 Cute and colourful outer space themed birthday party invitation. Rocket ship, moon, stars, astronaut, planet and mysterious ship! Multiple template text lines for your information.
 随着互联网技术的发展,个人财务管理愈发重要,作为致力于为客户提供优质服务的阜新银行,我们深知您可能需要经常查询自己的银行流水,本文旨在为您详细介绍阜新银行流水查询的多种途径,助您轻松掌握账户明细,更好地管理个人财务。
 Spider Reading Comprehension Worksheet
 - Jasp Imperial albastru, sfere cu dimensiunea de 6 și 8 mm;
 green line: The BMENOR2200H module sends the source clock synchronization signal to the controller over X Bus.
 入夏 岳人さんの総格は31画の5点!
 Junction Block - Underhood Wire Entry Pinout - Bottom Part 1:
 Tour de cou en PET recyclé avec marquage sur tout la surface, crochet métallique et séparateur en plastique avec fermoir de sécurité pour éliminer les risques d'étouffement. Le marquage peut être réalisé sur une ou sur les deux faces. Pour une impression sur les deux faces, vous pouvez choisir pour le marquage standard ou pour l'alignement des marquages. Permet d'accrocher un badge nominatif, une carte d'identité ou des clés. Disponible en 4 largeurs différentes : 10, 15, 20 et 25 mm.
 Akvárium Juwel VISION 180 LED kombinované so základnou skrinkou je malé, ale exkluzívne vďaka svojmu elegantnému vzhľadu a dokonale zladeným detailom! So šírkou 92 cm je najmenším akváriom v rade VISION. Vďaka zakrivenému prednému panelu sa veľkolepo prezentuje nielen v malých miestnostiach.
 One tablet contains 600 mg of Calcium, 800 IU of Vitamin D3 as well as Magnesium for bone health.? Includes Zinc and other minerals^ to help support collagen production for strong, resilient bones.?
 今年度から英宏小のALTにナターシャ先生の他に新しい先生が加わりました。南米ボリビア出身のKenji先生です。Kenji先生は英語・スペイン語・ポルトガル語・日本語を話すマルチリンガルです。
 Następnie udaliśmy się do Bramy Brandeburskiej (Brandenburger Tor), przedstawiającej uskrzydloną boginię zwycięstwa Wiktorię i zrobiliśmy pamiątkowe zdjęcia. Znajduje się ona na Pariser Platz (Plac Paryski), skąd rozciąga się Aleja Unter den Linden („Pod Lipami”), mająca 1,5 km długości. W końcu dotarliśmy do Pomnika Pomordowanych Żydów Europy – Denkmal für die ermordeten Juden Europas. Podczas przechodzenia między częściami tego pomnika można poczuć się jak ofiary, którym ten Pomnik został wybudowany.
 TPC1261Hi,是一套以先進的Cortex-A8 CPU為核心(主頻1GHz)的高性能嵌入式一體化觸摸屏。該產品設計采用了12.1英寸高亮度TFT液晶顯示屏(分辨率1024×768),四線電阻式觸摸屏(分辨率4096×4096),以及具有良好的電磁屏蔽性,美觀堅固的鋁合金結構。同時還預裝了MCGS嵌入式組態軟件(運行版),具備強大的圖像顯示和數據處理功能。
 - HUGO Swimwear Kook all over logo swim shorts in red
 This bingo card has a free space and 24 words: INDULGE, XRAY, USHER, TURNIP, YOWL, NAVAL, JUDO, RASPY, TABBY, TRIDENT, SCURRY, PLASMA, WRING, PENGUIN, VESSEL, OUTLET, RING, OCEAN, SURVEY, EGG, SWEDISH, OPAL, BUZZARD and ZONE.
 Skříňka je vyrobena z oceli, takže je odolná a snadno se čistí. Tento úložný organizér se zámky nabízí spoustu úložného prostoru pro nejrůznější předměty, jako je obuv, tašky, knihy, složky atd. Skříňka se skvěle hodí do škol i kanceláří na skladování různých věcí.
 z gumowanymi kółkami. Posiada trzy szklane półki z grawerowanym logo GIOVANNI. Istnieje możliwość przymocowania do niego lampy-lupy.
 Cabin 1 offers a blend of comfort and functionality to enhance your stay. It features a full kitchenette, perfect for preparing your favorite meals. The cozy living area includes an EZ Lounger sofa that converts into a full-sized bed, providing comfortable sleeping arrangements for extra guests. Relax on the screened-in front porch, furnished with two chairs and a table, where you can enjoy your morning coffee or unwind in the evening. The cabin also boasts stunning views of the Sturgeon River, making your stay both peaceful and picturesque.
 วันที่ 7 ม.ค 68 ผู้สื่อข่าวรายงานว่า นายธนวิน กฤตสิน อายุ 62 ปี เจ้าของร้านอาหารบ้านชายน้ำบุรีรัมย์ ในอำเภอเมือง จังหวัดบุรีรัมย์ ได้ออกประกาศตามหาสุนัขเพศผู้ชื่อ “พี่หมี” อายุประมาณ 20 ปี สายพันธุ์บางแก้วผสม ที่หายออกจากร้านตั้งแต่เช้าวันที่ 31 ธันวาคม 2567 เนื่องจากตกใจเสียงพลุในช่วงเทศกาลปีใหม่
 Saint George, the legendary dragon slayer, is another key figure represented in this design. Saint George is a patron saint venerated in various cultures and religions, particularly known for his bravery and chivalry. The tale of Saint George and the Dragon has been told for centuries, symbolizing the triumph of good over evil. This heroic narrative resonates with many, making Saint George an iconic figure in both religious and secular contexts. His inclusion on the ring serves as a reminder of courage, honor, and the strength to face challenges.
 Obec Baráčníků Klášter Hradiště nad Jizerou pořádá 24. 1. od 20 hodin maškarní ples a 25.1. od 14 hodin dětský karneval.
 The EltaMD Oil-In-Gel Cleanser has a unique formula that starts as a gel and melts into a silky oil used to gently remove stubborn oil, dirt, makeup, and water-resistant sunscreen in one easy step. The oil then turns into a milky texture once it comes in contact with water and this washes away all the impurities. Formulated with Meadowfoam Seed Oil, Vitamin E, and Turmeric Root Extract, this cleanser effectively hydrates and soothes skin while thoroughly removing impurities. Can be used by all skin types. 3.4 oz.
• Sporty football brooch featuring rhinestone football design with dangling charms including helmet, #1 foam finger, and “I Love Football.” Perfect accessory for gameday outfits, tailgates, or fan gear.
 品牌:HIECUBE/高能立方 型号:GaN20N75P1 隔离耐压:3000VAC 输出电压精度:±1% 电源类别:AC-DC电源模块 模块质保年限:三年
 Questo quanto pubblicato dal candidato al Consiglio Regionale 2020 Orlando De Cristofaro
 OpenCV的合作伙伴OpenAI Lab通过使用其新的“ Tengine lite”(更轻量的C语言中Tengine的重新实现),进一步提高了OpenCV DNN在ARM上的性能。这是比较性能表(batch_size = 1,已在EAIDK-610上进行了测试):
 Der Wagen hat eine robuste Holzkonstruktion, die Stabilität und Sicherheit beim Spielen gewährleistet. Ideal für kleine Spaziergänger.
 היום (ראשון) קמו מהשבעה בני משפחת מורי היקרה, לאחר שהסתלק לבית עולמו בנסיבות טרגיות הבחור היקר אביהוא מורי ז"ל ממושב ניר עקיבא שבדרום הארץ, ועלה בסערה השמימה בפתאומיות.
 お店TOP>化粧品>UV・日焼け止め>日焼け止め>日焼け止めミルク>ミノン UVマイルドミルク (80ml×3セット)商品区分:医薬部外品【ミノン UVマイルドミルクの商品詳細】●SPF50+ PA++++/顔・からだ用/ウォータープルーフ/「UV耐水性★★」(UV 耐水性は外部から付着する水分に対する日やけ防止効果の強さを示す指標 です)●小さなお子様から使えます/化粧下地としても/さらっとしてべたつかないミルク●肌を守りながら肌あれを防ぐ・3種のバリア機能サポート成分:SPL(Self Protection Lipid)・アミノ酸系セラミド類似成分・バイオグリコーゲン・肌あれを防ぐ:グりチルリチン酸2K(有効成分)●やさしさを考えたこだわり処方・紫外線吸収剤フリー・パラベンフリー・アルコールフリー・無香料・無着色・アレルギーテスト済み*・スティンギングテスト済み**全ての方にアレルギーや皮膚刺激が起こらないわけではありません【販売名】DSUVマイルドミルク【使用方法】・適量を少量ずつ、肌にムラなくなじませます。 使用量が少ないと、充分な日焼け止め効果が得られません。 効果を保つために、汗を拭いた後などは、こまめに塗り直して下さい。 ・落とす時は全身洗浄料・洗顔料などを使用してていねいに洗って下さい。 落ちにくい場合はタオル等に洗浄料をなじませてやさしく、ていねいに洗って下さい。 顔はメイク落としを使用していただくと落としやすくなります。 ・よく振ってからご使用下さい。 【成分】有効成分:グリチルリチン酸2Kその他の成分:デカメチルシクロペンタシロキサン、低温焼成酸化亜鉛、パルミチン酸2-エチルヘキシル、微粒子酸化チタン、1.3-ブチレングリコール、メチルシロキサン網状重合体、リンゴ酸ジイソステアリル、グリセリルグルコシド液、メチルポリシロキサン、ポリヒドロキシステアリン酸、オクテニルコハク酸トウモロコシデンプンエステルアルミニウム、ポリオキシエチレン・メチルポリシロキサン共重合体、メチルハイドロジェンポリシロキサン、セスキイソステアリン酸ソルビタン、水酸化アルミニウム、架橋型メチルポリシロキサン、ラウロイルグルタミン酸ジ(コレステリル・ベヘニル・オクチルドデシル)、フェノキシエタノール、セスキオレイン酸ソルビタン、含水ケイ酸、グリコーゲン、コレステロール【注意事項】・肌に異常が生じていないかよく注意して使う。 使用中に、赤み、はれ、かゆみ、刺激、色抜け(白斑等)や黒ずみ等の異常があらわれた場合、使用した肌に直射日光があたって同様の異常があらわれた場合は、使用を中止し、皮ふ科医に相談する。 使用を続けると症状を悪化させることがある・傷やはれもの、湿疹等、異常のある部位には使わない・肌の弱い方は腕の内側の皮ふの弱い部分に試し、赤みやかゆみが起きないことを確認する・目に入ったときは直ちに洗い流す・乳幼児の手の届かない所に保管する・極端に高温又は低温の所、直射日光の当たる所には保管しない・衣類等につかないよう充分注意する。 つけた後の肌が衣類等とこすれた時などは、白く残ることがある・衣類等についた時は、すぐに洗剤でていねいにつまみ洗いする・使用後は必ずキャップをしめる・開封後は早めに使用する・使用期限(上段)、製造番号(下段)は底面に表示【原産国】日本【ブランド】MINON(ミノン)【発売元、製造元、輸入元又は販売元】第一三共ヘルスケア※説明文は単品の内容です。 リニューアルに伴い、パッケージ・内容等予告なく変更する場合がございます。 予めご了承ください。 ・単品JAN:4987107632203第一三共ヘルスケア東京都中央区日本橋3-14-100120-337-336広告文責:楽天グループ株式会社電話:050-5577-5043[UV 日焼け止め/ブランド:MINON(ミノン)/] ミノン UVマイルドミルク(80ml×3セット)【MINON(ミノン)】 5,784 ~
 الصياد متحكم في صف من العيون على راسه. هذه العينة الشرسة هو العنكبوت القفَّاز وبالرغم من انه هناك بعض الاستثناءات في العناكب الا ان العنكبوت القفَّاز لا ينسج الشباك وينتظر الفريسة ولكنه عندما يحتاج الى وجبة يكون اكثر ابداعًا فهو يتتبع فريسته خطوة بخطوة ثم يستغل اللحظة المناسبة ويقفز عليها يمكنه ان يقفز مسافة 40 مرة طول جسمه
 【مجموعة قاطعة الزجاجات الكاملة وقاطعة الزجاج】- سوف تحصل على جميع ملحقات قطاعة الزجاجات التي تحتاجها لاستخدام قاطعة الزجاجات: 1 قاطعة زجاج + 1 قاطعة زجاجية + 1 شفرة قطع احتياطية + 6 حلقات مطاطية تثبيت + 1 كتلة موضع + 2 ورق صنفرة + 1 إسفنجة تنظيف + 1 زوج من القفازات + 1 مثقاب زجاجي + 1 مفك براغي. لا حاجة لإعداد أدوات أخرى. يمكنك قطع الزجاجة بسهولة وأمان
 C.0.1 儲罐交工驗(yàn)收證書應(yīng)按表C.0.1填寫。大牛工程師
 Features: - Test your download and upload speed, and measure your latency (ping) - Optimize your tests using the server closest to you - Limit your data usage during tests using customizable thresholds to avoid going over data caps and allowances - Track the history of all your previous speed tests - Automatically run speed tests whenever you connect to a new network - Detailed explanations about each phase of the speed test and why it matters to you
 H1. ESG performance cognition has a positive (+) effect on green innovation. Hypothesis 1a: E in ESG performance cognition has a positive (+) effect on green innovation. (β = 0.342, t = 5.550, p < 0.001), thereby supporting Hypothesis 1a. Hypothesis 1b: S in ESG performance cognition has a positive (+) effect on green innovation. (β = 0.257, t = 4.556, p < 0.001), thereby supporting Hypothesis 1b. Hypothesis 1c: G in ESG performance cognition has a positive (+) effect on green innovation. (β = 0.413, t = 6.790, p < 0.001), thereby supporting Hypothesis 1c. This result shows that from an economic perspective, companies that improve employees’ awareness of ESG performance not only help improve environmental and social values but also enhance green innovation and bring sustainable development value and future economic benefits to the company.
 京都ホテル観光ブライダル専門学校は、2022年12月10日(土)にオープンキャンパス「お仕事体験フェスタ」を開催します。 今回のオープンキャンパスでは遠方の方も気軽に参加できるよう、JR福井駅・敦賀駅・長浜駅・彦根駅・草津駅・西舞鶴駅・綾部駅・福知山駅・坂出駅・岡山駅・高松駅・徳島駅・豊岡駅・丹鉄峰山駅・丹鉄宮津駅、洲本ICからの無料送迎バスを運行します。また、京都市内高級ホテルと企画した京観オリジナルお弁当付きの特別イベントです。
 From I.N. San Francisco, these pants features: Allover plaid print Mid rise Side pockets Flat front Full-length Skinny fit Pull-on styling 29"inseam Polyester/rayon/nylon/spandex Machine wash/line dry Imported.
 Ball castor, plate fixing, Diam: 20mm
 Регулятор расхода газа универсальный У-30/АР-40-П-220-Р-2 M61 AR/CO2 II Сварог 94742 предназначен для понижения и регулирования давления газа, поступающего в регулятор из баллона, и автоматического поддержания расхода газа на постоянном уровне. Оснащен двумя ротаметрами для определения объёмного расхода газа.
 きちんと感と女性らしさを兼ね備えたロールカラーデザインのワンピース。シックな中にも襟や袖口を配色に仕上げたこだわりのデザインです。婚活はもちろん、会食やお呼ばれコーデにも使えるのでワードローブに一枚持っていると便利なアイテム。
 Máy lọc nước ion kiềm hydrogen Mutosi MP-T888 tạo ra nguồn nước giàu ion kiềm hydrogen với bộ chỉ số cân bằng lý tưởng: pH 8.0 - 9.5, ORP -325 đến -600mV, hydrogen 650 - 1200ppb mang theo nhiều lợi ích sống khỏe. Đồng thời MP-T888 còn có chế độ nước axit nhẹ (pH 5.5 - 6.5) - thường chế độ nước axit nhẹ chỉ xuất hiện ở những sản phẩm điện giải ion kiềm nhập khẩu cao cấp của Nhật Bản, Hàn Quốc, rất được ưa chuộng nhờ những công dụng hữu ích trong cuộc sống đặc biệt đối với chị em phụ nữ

### YOUR ASSIGNMENT
Each line from the top of the records through the one with "今年度から英宏小のALTにナ" should be returned exactly. Leave out everything else.

### ANSWER
 Cute and colourful outer space themed birthday party invitation. Rocket ship, moon, stars, astronaut, planet and mysterious ship! Multiple template text lines for your information.
 随着互联网技术的发展,个人财务管理愈发重要,作为致力于为客户提供优质服务的阜新银行,我们深知您可能需要经常查询自己的银行流水,本文旨在为您详细介绍阜新银行流水查询的多种途径,助您轻松掌握账户明细,更好地管理个人财务。
 Spider Reading Comprehension Worksheet
 - Jasp Imperial albastru, sfere cu dimensiunea de 6 și 8 mm;
 green line: The BMENOR2200H module sends the source clock synchronization signal to the controller over X Bus.
 入夏 岳人さんの総格は31画の5点!
 Junction Block - Underhood Wire Entry Pinout - Bottom Part 1:
 Tour de cou en PET recyclé avec marquage sur tout la surface, crochet métallique et séparateur en plastique avec fermoir de sécurité pour éliminer les risques d'étouffement. Le marquage peut être réalisé sur une ou sur les deux faces. Pour une impression sur les deux faces, vous pouvez choisir pour le marquage standard ou pour l'alignement des marquages. Permet d'accrocher un badge nominatif, une carte d'identité ou des clés. Disponible en 4 largeurs différentes : 10, 15, 20 et 25 mm.
 Akvárium Juwel VISION 180 LED kombinované so základnou skrinkou je malé, ale exkluzívne vďaka svojmu elegantnému vzhľadu a dokonale zladeným detailom! So šírkou 92 cm je najmenším akváriom v rade VISION. Vďaka zakrivenému prednému panelu sa veľkolepo prezentuje nielen v malých miestnostiach.
 One tablet contains 600 mg of Calcium, 800 IU of Vitamin D3 as well as Magnesium for bone health.? Includes Zinc and other minerals^ to help support collagen production for strong, resilient bones.?
 今年度から英宏小のALTにナターシャ先生の他に新しい先生が加わりました。南米ボリビア出身のKenji先生です。Kenji先生は英語・スペイン語・ポルトガル語・日本語を話すマルチリンガルです。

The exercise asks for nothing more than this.